One thing I'd like to add - similar to Camo's post about understanding that civi's may not understand what you're going through...

Accept that not everyone is going to deal with the situation in the same manner as you do.  When my husband was away, I really had a hard time sharing with others whose spouses were also deployed.  I had a great personal support system and a father who's retired navy to turn to when things were getting rough, but I really didn't feel comfortable talking to a lot of spouses I'd never met before.  This resulted in some ugliness where I was accused of not caring about where my husband was and what was going on.  As much as we need to band together, I think we also need to respect that everyone will be experiencing different emotions and moving through the cycle in different stages.

I also think it's really important to take time to treat yourself and your family.  Go out to a movie or spend a day visiting the zoo.  Buy a really frivolous piece of clothes or a book you've always wanted to read.  Take a cooking class for a type of food you've always wanted to learn how to make.  We spend a lot of time sending packages overseas and in an phone call from my husband I remember how silly and happy he got when I was telling him all about trying to learn to rollerblade - all the pitfalls and stumbling... When he got home he said he laughed long and hard for day when ever he pictured me (I'm notorious for being a klutz) trying to keep rolling with both feet on the ground.  I found trying new things gave me a chance to get out of the house and do something new, which helps the time pass quicker.


----------



## HitorMRS. (1 Aug 2006)

Lots of great advise on this thread!  But, I feel like something is missing...information on how to handle being a single Mom.

As, I’m sure as some of you know HitorMiss is heading over on his tour soon, this is tour number two for us, but this is my first tour as a Mom.  We have a 13-month-old daughter.  Any advise on how to handle Daddy being away, coping as a suddenly single Mom, etc.
I know the MFRC has lots of programs for families and daycare help, but I’m looking more for advise on how to handle Daddy leaving anxiety and Daddy returning, etc.


----------



## George Wallace (1 Aug 2006)

There have been topics on that in this Home Front Forum.  If you take a look at them you may find what you want.  Here is one:  http://forums.army.ca/forums/threads/45711/post-400247.html#msg400247


----------



## Booked_Spice (1 Aug 2006)

Hello Hit or Mrs,

I can understand where you are coming from.

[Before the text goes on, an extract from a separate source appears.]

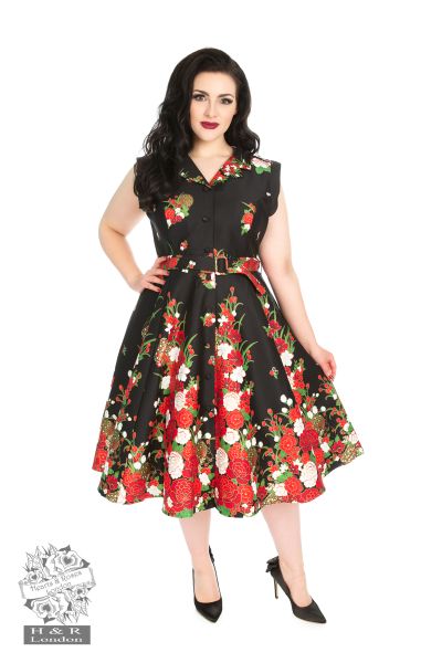 Timeless fashion and a true winner with our new vintage swing dress. We present to you a one of a kind design, with a twist of 50’s vintage, and a modern day style. This collared shirtwaist dress with front buttoned closure is truly an everyday dress which is also perfect as an evening wear piece. With its beautiful red floral border print, enhanced by its black background and belt at waist, this dress will give you that accentuated waistline you always wanted. It sure is a multipurpose dress for anyone looking for a versatile design.
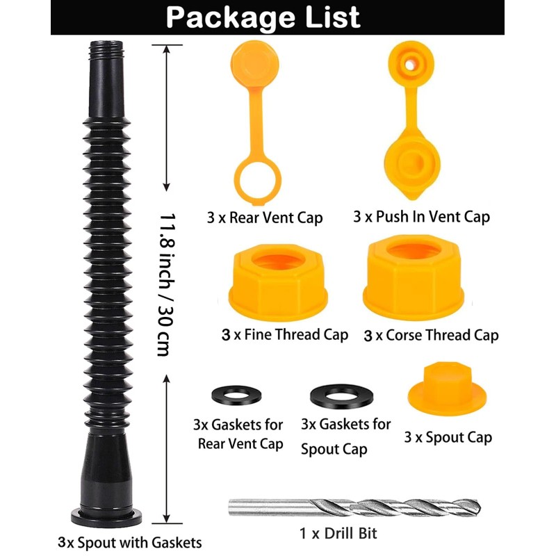 Update your old cans with Complete spout kit includes: (3) gas can filler nozzle, (3) spout cap, (3) "O" ring gasket, (6) base caps, (3) push-in vent cap,(3)rear vent cap,(1) drill bit

This was our first tour and I had to experience it as a single mom with a 3yr and 13 mths old. Boy has it been tough. My youngest doesn't understand as he will not know his "daddy" but our 3yr old understands and because of Daddy's deployment she went through changes like you wouldn't believe. Alot of them are negative.

Here are some examples:

She has night terrors- I bought a fish tank for her room where the light is on all night. She wears daddy's t shirt to bed. She also sleeps with his ranger blanket. She has a special picture of her daddy that she hides. Sometimes she will go to her room, take the picture out and start talking to him. I find this helps her cope. I have also been buying something for her once a month from her daddy. I wrap it all up with a pretty bow. She gets to open it up and she feels closer to him. I sent Dh special cards and envelopes so that he can write to her when he has the chance. This seems to help somewhat however she does tend to act out more with tantatantrums and after her explosions, she would say sorry Mommy but I miss my daddy. The one thing I learned is you can't cave into this. I have always been very honest with her. She still has outbursts but I try to nip it in the bud and keep her on a schedule.

My daughter is also experiencing separation anxiety. I can't even go to the bathroom without her being right by my side 24 7. This is still a tough one to beat however I try to use the deployment childcare every chance I get. It is hard for the first few minutes because she refuses to go and wants me to stay with her. But after I leave, she calms down and plays with the other kids. This is a tough one to try to overcome but we work on it everyday. She also craves male attention and I am lucky enough to have some of hubby's friends still on base who I get to see once and awhile. They try to give her attention as well. This helps her so much.

This tour has been really hard on her but I have tried to keep her busy and active. I enrolled her in swimming lessons and gymnastics anything that I could keep her mind off her daddy. But the one thing I tried to teach her is Oh Canada. She thinks this is her Daddy's song and you can hear her sing it everytime that she misses him or is upset. We try to talk about Daddy everyday. When Hubby calls she will sit on the phone with him and talk away.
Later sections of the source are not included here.